Since at least 2014 he began meeting two Chinese MSS agents known by the names David and Martin who offered to pay him $30,000 annually for "consulting services." He was tasked with attending tech conferences and conducting product research.
The Chinese asked him to contact former DIA and Pentagon officials and intercepted phone calls by the FBI showed that he began doing so in 2015 and 2016. The contacts included two DIA case officers in Texas and Georgia.
The FBI complaint revealed that Hansen tried on several occasions to penetrate U.S. military intelligence agencies on behalf of China.
The FBI said Hansen approached Army intelligence in February 2012 and "offered to work as a double agent against [Chinese intelligence services]," and three months later applied to rejoin DIA.
Hansen in mid-2013 suggested that DIA operate him as a source for a spy program targeting China, and in February 2015, he contacted the FBI and offered to work as a double agent against Chinese intelligence.
He also in 2015 contacted a member of the House Permanent Select Committee on Intelligence and asked to work as the member's staff member for intelligence issues.
The most recent bid to penetrate DIA took place in May 2016 when Hansen contacted a DIA case officer and encouraged the officer to use him as a source against China.
Hanson also carried tens of thousands of dollars in cash after visits to China, in one case being stopped by authorities for failing to report transfers over $10,000.
The FBI used one DIA official as a confidential informant during its investigation and between 2016 and 2018 Hanson revealed ongoing contacts with the MSS and that he had "performed consulting work for the MSS."

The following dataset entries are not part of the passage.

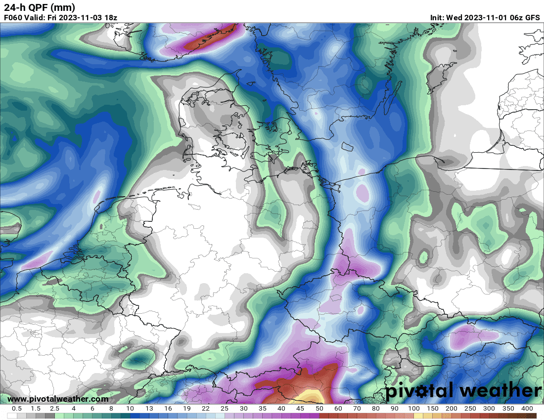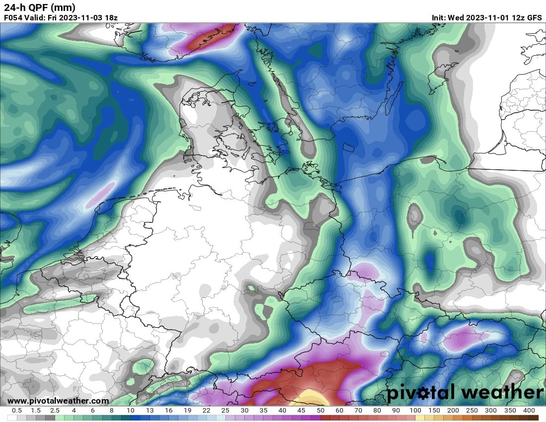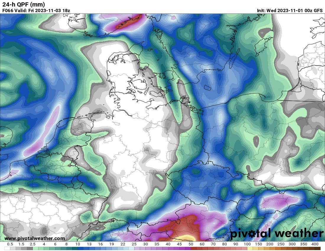 Vydatnější déšť přinese na naše území s cyklonou spojený frontální systém. Ten přejde naše území v noci na pátek a během pátku k východu. Očekává se intenzivnější a trvalejší déšť, který místy přinese vyšší úhrny srážek a rozkolísá průtoky zejména menších a středních toků. To je ovšem po dosti suchých týdnech, kdy v tocích teče stále méně vody než by v tuto dobu mělo, pozitivní vývoj a dobrá zpráva. Numerické modely samozřejmě nemají v rozložení srážek a tedy ve spadu těch výraznějších jasno. Příkladem mohou být i jednotlivé výstupy jednoho numerického modelu, hlavního globálního modelu GFS.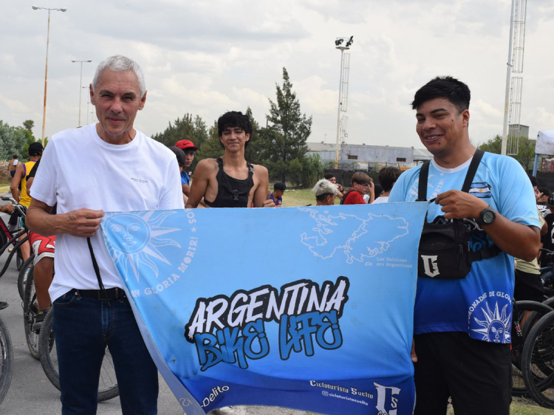 Durante el encuentro, el intendente Fabián Cagliardi participó del sorteo de una bicicleta entre todos los ciclistas presentes, sumando un momento especial a la jornada.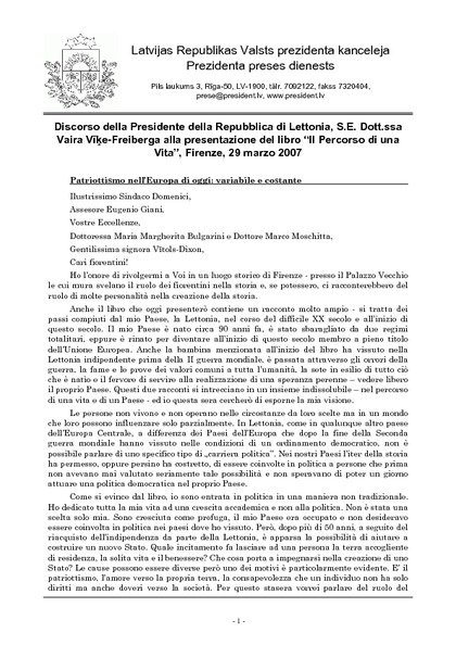 Discorso della Presidente della Repubblica di Lettonia, S.E. Dott.ssa Vaira Vīķe-Freiberga alla presentazione del libro “Il Percorso di una Vita”, Firenze, 29 marzo 2007

According to the FBI, Hansen told the DIA official that China would pay up to $200,000 for the U.S. military's "China ops plan" for military intervention against China.
He also sold computer forensic products to the Chinese and they overpaid him for the goods in cash.

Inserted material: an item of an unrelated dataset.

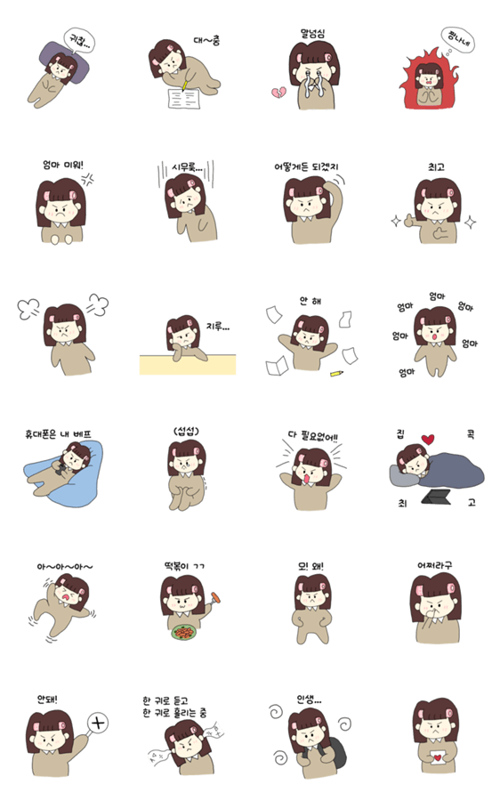| スタンプ説明 | Pink hair roller, sharp eyebrows, and a permanent scowl! Ppyo-jiny is the moody teen who's tired of everything but lives for spicy Tteokbokki. |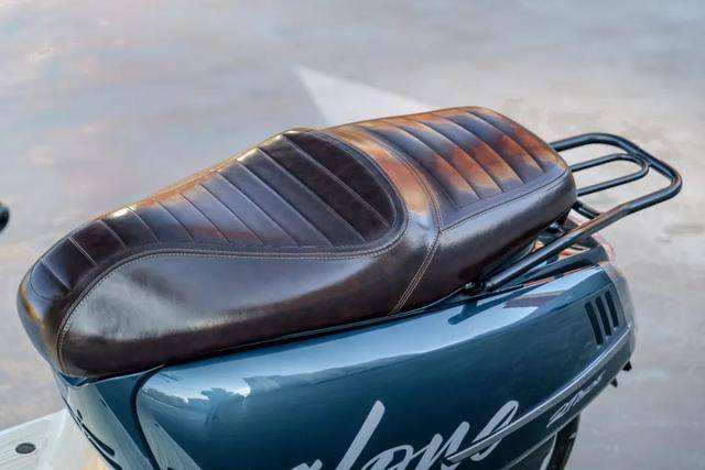 在細(xì)節(jié)裝飾這款車也下了功夫,亮漆面和座墊的質(zhì)感很有格調(diào),配合腳踏板的撞色設(shè)計,復(fù)古和時尚風(fēng)格并存。鍍鉻風(fēng)格的后視鏡和排氣管罩在陽光下閃耀著金屬光澤,彰顯出復(fù)古的優(yōu)雅氣質(zhì)。此外,這款車還采用了毛毛蟲坐墊的設(shè)計,搭配做舊處理的棕色皮革,確實(shí)非常有復(fù)古的味道。

The Chinese were seeking information from Hansen about the views of various politicians toward China.
Chinese intelligence as of March 2018 was also seeking secret information on U.S. positions on North Korea, South Korea, and China.
The DIA official acting as an FBI informant was also asked by Hansen to provide a briefing for Chinese intelligence officers in Mexico.

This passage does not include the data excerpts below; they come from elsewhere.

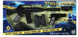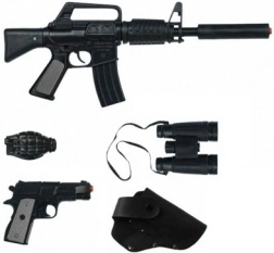 - Pistola in metallo, silenziatore, binocolo, distintivo di polizia, fondina per pistola, mitraglietta di polizia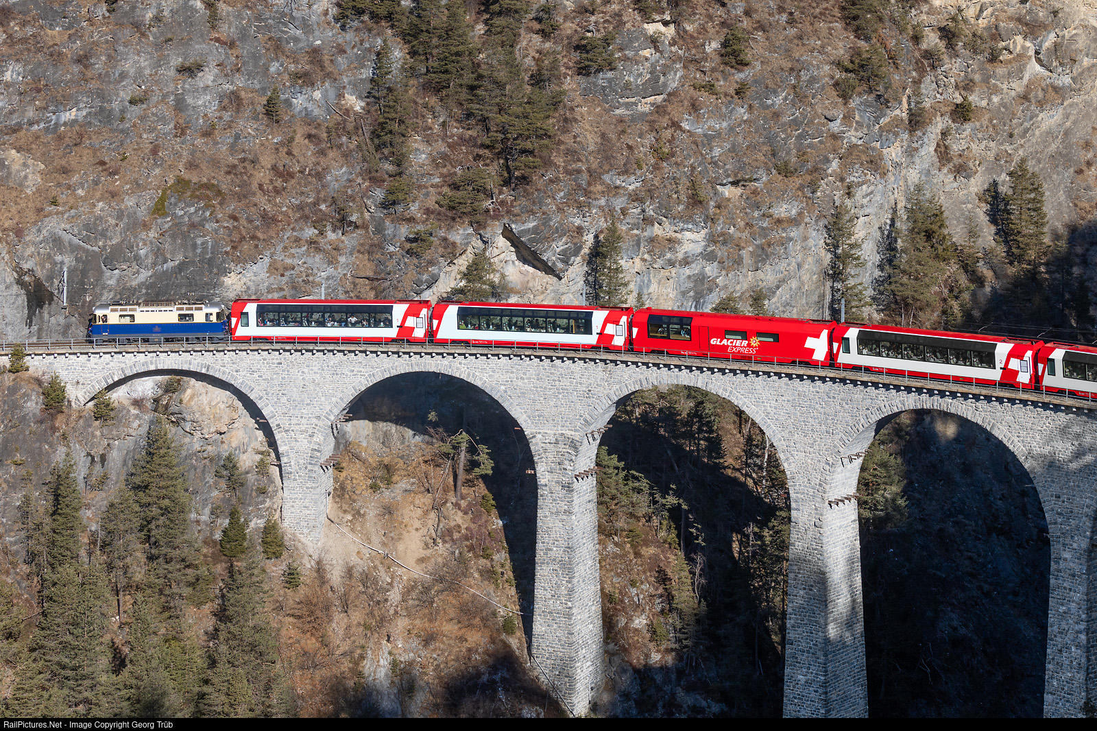 Ge 4/4 II # 626 "Malans" of the Rhaetian Railway, in the special ivory/cobalt blue paint scheme, pulls the PE 925 GLACIER EXPRESS St.Moritz-Zermatt over the 65 meter high Landwasser viaduct between Filisur and Alvaneu. The locomotive is in charge til Chur.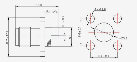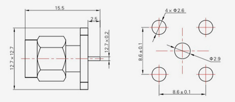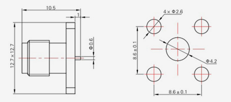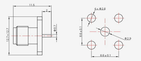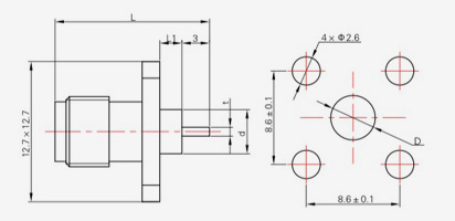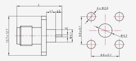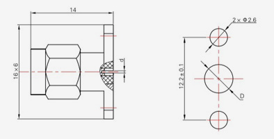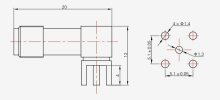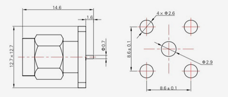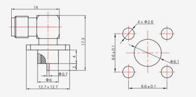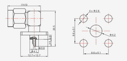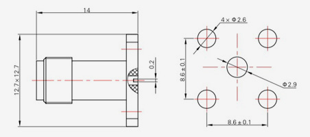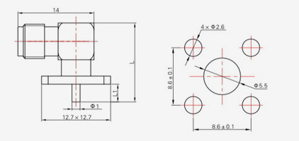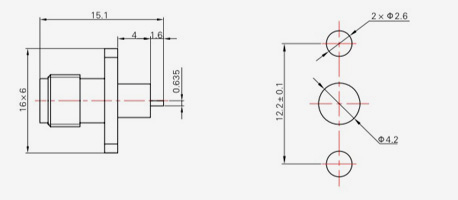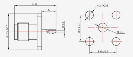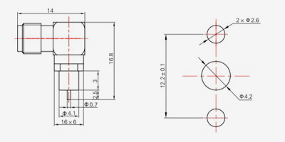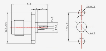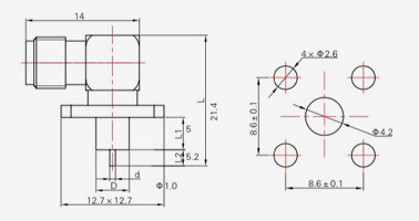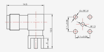 | SMA-KFD45 | 14.4 | 2.4 | 0,5×0,2 | Φ4.1 | Φ4,2 |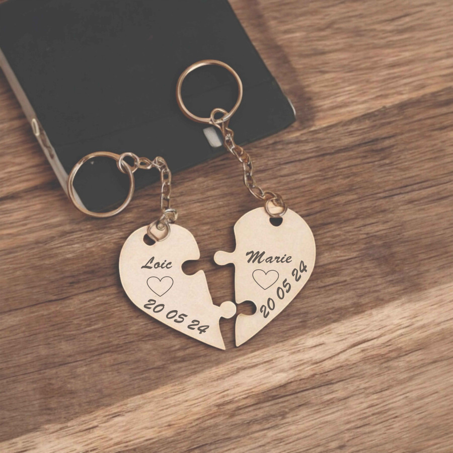 Porte-clés puzzle en forme de cœur personnalisable Prénom et Date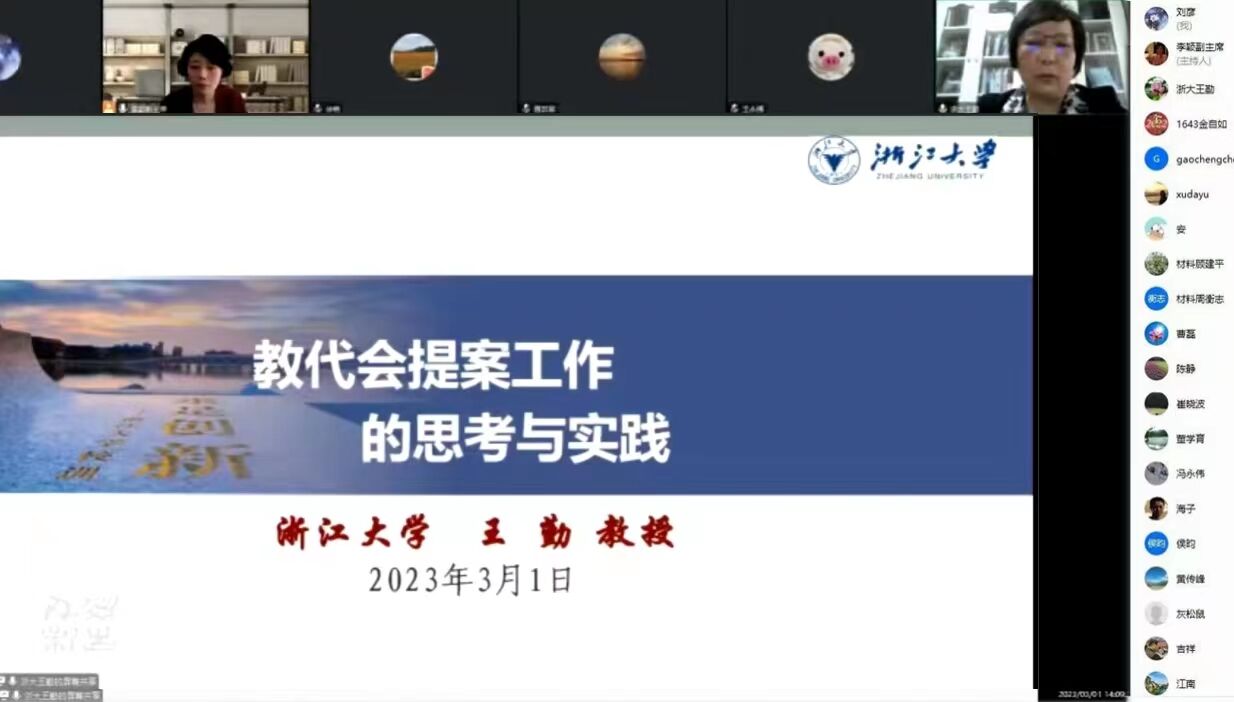 会议邀请浙江大学王勤教授作线上提案工作辅导报告,她从如何认识教代会和教代会提案开始切入,结合浙大教代会提案工作的实践与探索,从高质量提案的要素、提案的常见问题、如何提高提案的质量等方面展开讲解。她说,一个好的提案,方向要明确、问题要清晰、调研要深入、建议要具体、参办要积极、监督要主动。她鼓励参会代表站位全局、着眼长远、立足实际,以更大的担当作为,汇聚各方智慧,确保提案工作在解决教职工实际问题、推动学校教学科研工作、影响学校政策制定等方面发挥有效作用。王教授长期从事政治文化、德育理论、妇女发展等方面的研究,在浙江大学分管教代会提案工作多年,她的讲座既有翔实的理论基础,又有丰富的案例支撑,深受大家的好评。

Hansen owned a cloud computing company called NuveStack. Hansen also founded the American and Chinese Friendship Promotion Society in 1981 with the goal of advancing "friendship and understanding." The "American and Chinese Friendship Promotion Society Business Group provided a method through which Hansen attempted to generate revenue by providing business services in the PRC," the FBI document says.
After retiring from DIA, Hansen worked for two companies called H-11 Digital Forensics Co. LLC and H-11 Digital Forensics Services.
Hansen was charged with 15 counts including attempted transfer of defense information to China, currency violations, and smuggling.
Hansen's LinkedIn page describes him as a "China expert" who first traveled to China in 1981 and took over 175 visits to China.
"I have an extensive network of Chinese government, business, military, and academic contacts at the national, provincial and local levels," Hansen stated.
His LinkedIn page describes him as an accomplished business executive and "serial entrepreneur" who is chairman of NuveStack, CEO of Ionic M, and director of Broadway Capital.
"I am passionate about visionary and disruptive technology to include Cloud IT, Platform as a Service (PaaS) solutions, cloud infrastructure, transformative data centers, health & ionic minerals, waste to energy technologies, clean tech, green tech, lithium battery technology, electric vehicles, clean water projects, agriculture, digital forensics, aggregates and rock products, and education," the page states.
"Choose a better path... Change your life... Change the world...," he wrote.
The FBI complaint stated that a search of Hansen's financial records showed he reported large losses, including $1.1 million in business losses for the 2014 tax year.
Hansen is scheduled to appear the U.S. District Court in Seattle on Monday.